In the early ’80s, he explains, things had gotten easier for gay people in Hollywood.
“I was in a position as a film star where I could have a private life and a public life,” he says. “You could have both, you just had to learn to put those things together.”
That relative freedom was over when AIDS came along.
“It was no longer acceptable. You just had to disappear. You just didn’t talk about it. And then, after 1985, you just never shut up again,” he says. “It was too important. The death of a whole generation of people was more important than making a movie. At least it was to me.”
Patton believes the setbacks of that time may have felt like a crushing blow, but that they were ultimately a catalyst for change because people were fighting for their lives.
“It was painful,” he says. “It was hideous, but I don’t think gay marriage would have happened so quickly without HIV.”
“Scream, Queen” brings much of this to the surface as it tells Patton’s story, underscoring his intent to make a film that educates queer audiences about their history.
“I have a good sense of humor, but I’m deadly serious about this stuff,” he says, “because I don’t think that young people really quite understand what they’re dealing with here. I’m cynical enough at this point in my life to think, ‘What if the protease inhibitors stop working? What if they’re only good for 20 years and then the virus mutates? What if this all happens again?”
“The same thing applies to the things that are happening politically in this country,” he says. “There’s a wave going on right now and unless you’re really tuned in and you’re paying attention, you say, ‘Oh you’re exaggerating, you’re making too much of this.’ And that’s the thing that people said to Larry Kramer and those guys, in the 1970s and ’80s — ‘You’re making too big a deal out of this, we’re fine.’ I think it’s better to be cautious.”

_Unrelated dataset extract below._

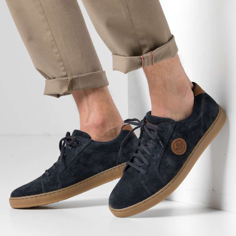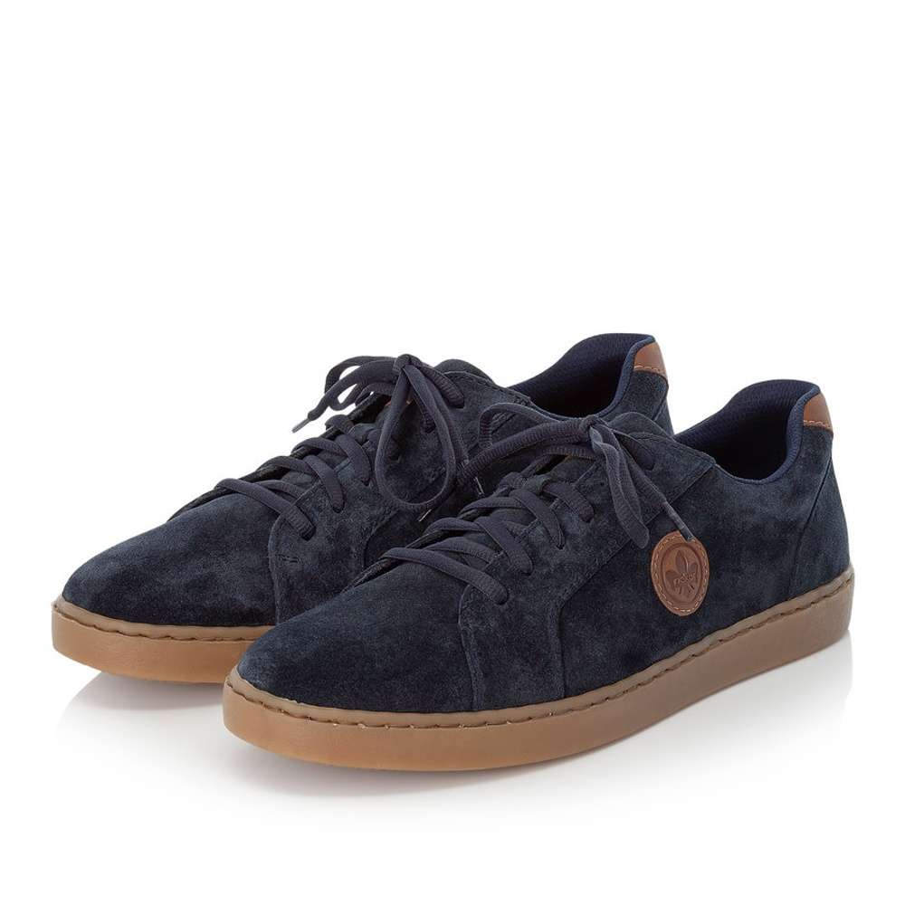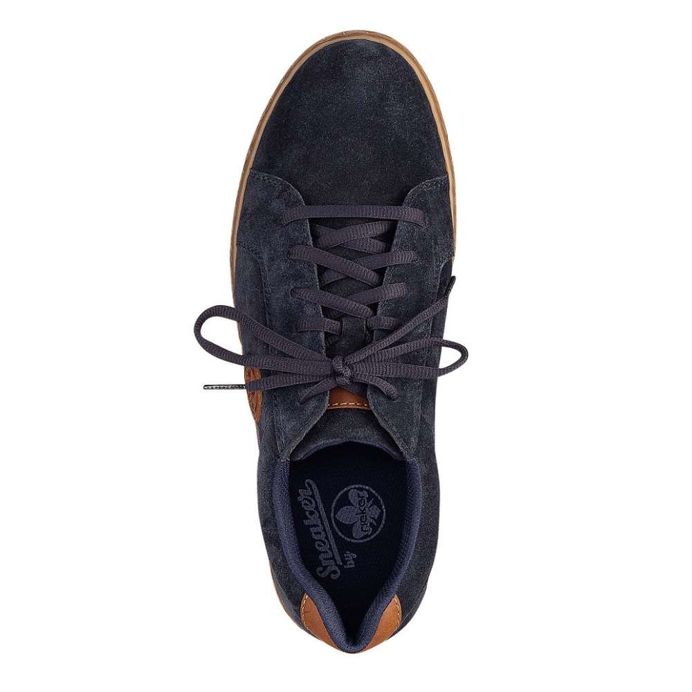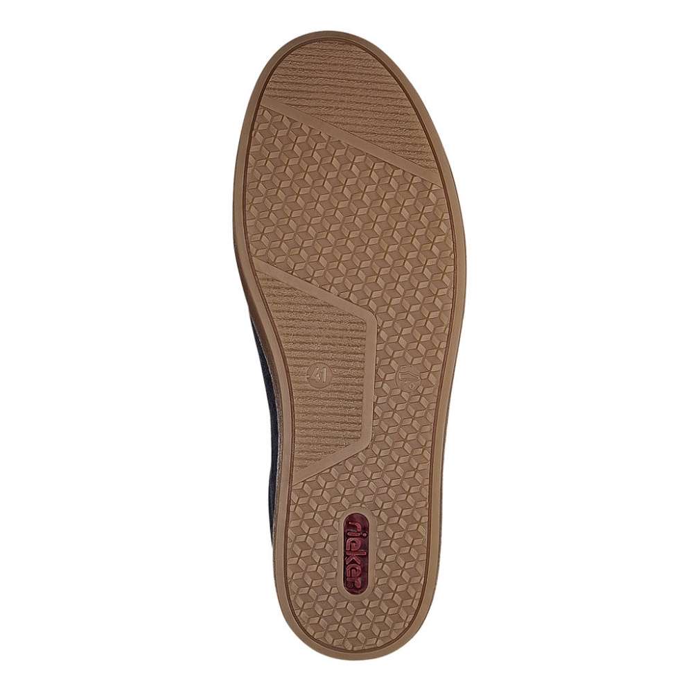 Pánské kožené šněrovací tenisky od německé značky RIEKER v tmavé barvě, nesmí chybět ve Vašem botníku. Boty jsou vybaveny tkaničkami, díky kterým si obuv utáhnete přesně podle Vašich představ. Podešev je tvořena jemným vzorem a to Vám zajistí jistotu každého kroku. Jistě také oceníte měkkou textilní stélku, která se postará a pohodlnou chůzi během celého dne. Vkusný model, jenž můžete obout ke každému sportovnímu outfitu.

Still, he adds that it’s important to “keep your eye on history and also celebrate the victories you are having right now.” He cites the story of Connor Jessup, a young actor (“American Crime”) who recently came out as gay for his 25th birthday.
“He just decided it was time,” Patton says. “I’m so inspired by that. I love that it’s happening. It’s a wave and it will really break when the first person becomes a movie star being out from the very beginning, and not only after achieving success.”
As for his own achievements, Patton’s rise and fall in Hollywood was only the beginning of a long personal journey in which he faced not only shame and hurt over his movie experience, but dire challenges to his physical health; ultimately, he emerged from those struggles transformed, more deeply spiritual and able to revisit the events which cast such a shadow over his life in order to seek closure.
In the process of making “Scream, Queen,” did he find it?
“I found it within myself,” he says, withholding further detail in order to avoid spoilers. “I’m looking forward to putting all of this aside, to be honest. It’s been a long journey for me.”